La troisième faiblesse réside dans une sorte de parti-pris l’historique

La troisième faiblesse de l’essai du R. P. Gravrand réside dans une sorte de parti-pris historique. L’amitié très étroite entretenue avec le roi Mahécor Diouf, un de ses principaux informateurs, a sûrement conduit l’auteur à une vision du monde sérère à la loupe Guelwrar. 0r, la situation des Guelwar dans l’histoire du Sine s’inscrit essentiellement dans des rapports de domination.

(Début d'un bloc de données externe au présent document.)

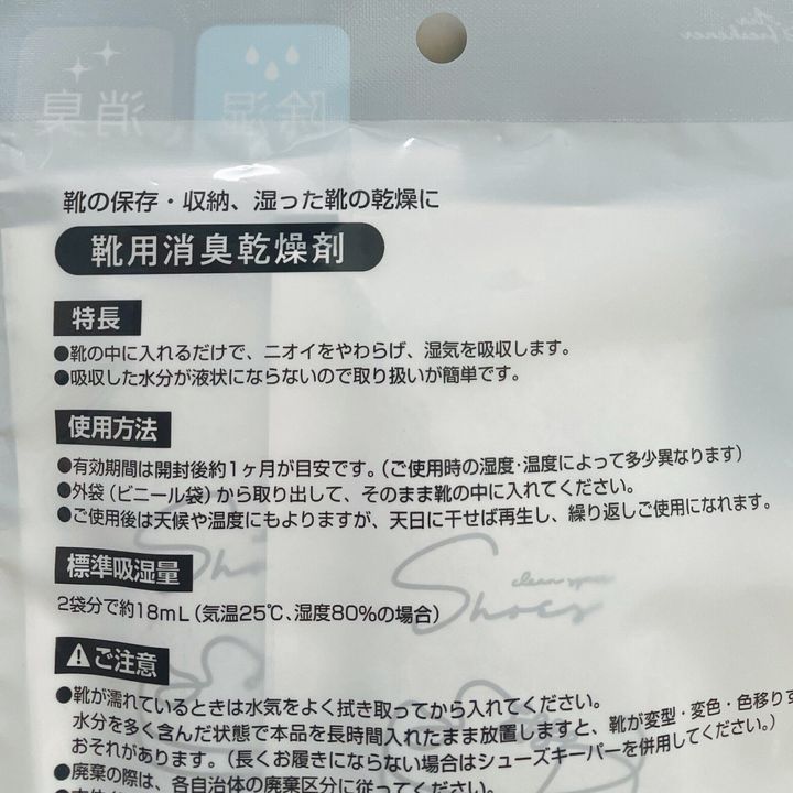 ・水分を多く含んだまま乾燥剤を入れっぱなしにすると靴が変形・変色・色移りする可能性があること

Tout en se gardant d’accréditer la thèse de la table rase avant l’arrivée des Guelwar (p. 177) le R.P. Gravrand fait comme si ce qui méritait d’être retenu du monde sérère, était strictement lié à la domination Guelwar.

C’est dans cette perspective que tous les autres sous-groupes sérères qui ne sont pas réductibles à la domination Guelwar sont présentés comme constituant des ethnies à part : Ndut, Noon, Safen sont pratiquement classés dans le premier « substrat humain du Sénégal » ; plus proches des Baynuk, Bassari, Bédik…que des Sérères !

Un autre exemple de manque d’objectivité réduisant l’essence sérère à l’organisation socio-politique Guelwar, réside dans la tentative du R.P. Gravrand de discréditer les institutions antérieures. Mais dans sa hâte, il développe des idées contradictoires.

A la page 294, il mentionne l’existence de « Grands Diaraf » avant l’arrivée de Maysa Wali Diane dans le Sine. Signalons que ces Diaraf sont juste mentionnés pour être cloués au pilori et à contrario pour redorer le blason du Guelwar Maysa Waly Diane :

« …l’Affaire en soi n’était pas très importante, mais elle était irritante à cause de la mauvaise foi des parties et surtout parce qu’elle condamnait l’incapacité du système gouvernemental des Grands Diaraf.

… Déjà, les Diaraf avaient compris et ils prenaient conscience de l’autorité morale et de la sagesse de ce Guelwar dans le gouvernement des hommes. Il allait réussir là où ils avaient échoué pendant sept ans  ».

Sans insister outre mesure sur ces jugements, nous notons que, faisant fi des contradictions, le R.P. Gravrand annonce à la page 322 :

« …Waagaan Fay… créa quelques jours plus tard une fonction nouvelle dans son gouvernement, celle de Grand Diaraf, deuxième personnage de l’Etat. Jusqu’à ce moment, les Lamanes du Siin avaient été les Conseillers immédiats et les collaborateurs de Maysa Waly. Maintenant qu’ils étaient dépossédés en partie du pouvoir politique, le Maad a Sinig pouvait désigner un premier ministre de son choix sous le titre de Grand Jaraaf ».

C’est à n’y rien comprendre ! La charge de Grand Diaraf, existait-elle avant le règne de Maysa Wali Dione, donc avant 1350, ou a-t-elle été créée pendant le règne de Waagaan Masa Fay, c’est-à-dire entre 1375 et 1400 ?

Toujours dans ce registre des parti-pris, il est assez amusant de lire sous la plume du R. P. Gravrand des observations dénuées de tout fondement scientifique, sur les Sérères de la petite côte (des villages Fa).

(p. 172) – On constate une personnalité culturelle plus forte (?)…

… on relève des caractéristiques culturelles qu’on ne retrouve pas dans d’autres régions du Siin, aussi bien chez les hommes que chez les femmes. Les personnalités sont plus affirmées (?) ».

La stature imposante du grand homme de culture, le Président Léopold Sédar Senghor originaire de cette zone, préfacier de l’ouvrage, explique-t-elle ce clin d’œil ?

Espérons que non et allons à l’essentiel.

L’essai du R.P. Gravrand est à lire, absolument, pour une critique et un dépassement salutaires, dans la recherche de notre vérité historique et de notre identité culturelle. Du reste, ne le préconise-t-il pas lui-même dans son d’avant-propos ?

« Ce corpus pourra constituer pour les chercheurs sénégalais et d’abord pour les jeunes chercheurs sereer, une base de départ utile. Mais ils auront à le refondre et à le dépasser, car c’est le propre des pionniers ou des fondateurs d’école d’ouvrir des pistes à leurs disciples et de les inviter au dépassement » (p. 16).